When calling in sick isn’t an option

Presenteeism [prez-uh n-tee-iz-uh m] nounthe practice of coming to work despite illness, injury, anxiety, etc.,often resulting in reduced productivity.

  • On average, presenteeism costs businesses £605 per person each year.
  • 45% of companies state that on average, up to a quarter of their staff comes to work when sick.
  • Presenteeism costs businesses 10 times more than absenteeism.
  • 27 days of productive time per employee are lost each year due to presenteeism.
  • 67% of 18-26-year-olds feel obliged to stay in the workplace longer than their contracted hours.

If you’re not feeling well, you stay home until you feel better. Sounds simple, doesn’t it? However, there are several reasons why people may feel they have to come into work, some include:

  • Not thinking you’re “sick enough” to take time off.
  • Needing to set a “good example” to the rest of the team.
  • Having a heavy workload and nobody to cover.
  • Feeling guilt due to nobody else taking time off.
  • Not being able to financially afford to take time off.

We are very lucky to have statutory sick pay here in the UK. Our employers must pay us £89.35 for every week that we are sick up to 28 weeks. This may only be a fraction of your wages, but it should be enough to know that if you did need to take a week off, you wouldn’t be completely out of pocket.

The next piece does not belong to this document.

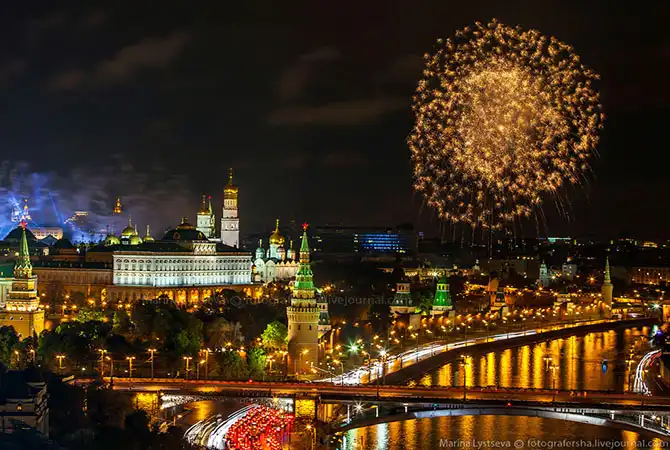 А вот так всю красоту было видно со смотровой площадки. На фоне повального «совка» и безвкусицы многочисленных московских праздничных мероприятий, фестивальное представление выглядело хорошо сделанной работой.

On average, it takes from 3-7 days to get over the common cold if you’re resting. If you come into work when you have a cold, not only are you less productive, but you’re not recovering and you’re spreading your germs around the office. More people will be getting sick. Just because you’re at work, it doesn’t mean you’re working – so take some time off to rest, your body and maybe even your colleagues will thank you for it!